Nebiyu [24] noted AH of 7.1 ± 0.08 mm for BB breed in Addis Ababa. Taddesse et al. [22] also reported 18.11 ± 0.91 mm yolk height for BB breed under the village production system in East Shewa, Ethiopia. The present finding in yolk height is higher than 15.1 ± 1.3 mm as reported by Moges [25] in Bure district, Ethiopia. Suk and Park [26] reported positive correlations of YW, albumin weight (AW), and SW with EW. Similarly, Fanu et al. [21] noted positive correlations of EW with egg width, egg length, egg SW, and shell thickness. Bekele et al. [7] reported positive correlations of internal egg quality parameters.
5. Conclusions
The major poultry feeding practice in the study district was scavenging with additional supplementation. Maize and wheat are the main supplemented feeds. Majority of the respondents in the study area provide nighttime shelter to chickens. The egg production performance of exotic chicken breeds of SassoT44 was higher than that of KK in the study areas. Chicken producers in the area should be trained on improved chicken management practices which will be important to increase annual egg yields of the two chicken breeds to their genetic potential.

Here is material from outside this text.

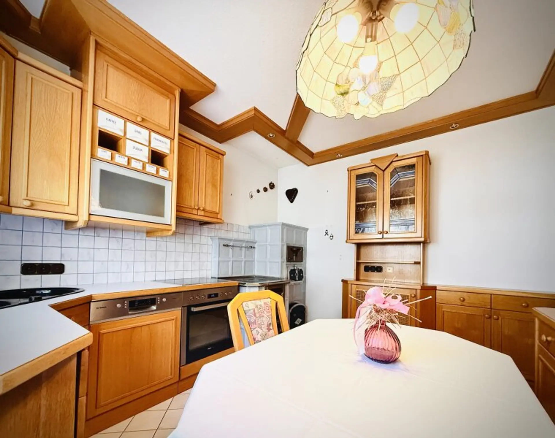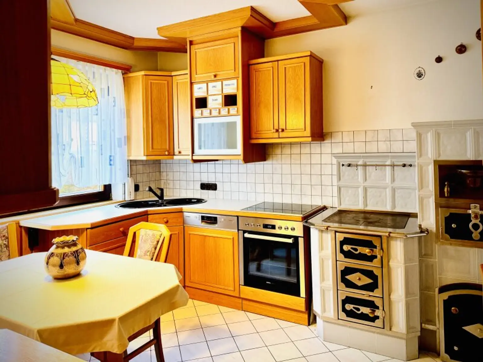* sonnendurchflutete Küche mit Essplatz, Cerankochfeld, Tischherd, Doppelspüle und hochwertiger Ausstattung,

5.1. Future Research Directions
- •
Assessment and nutritional analysis of scavenging diets and identification of potential feed supplements is imperative in the future
- •
A comparative evaluation of the productivity of various native and exotic breeds under equivalent scavenging conditions is needed
- •
Additionally, assessment of the impact of housing systems to understand how shelter design and environmental conditions affect chicken health and egg production is required
- •
Offering trainings regarding the improved management practices focusing on feed formulation, disease management, and housing is crucial
5.2. Limitations of the Study
This study focuses exclusively on one district among the 22 districts in the South Wollo zone of Ethiopia. It specifically investigates two chicken breeds: SassoT44 and KK. Furthermore, the assessment of egg quality was performed with a limited sample size, constrained by financial limitations, which affected the overall extent of the research.
Ethics Statement
The authors have nothing to report.
Conflicts of Interest
The authors declare no conflicts of interest.
Author Contributions
All authors contributed to this research manuscript. Mesfin Fasil was responsible for data collection and writing the initial draft. Aleme Asresie and Yilkal Tadele handled the conceptualization, supervision, software development, analysis, and review and editing of the manuscript, as well as securing funding. All authors have read the manuscript and approved its submission.
Funding
This research was funded by Wollo University and the South Wollo Zone Agriculture and Fishery Development Office.
Acknowledgments
The authors express their gratitude to Wollo University and the South Wollo Zone Agriculture and Fishery Development Office for financing this research project.
Open Research
Data Availability Statement
The data that support the findings of this study are available from the corresponding author upon reasonable request.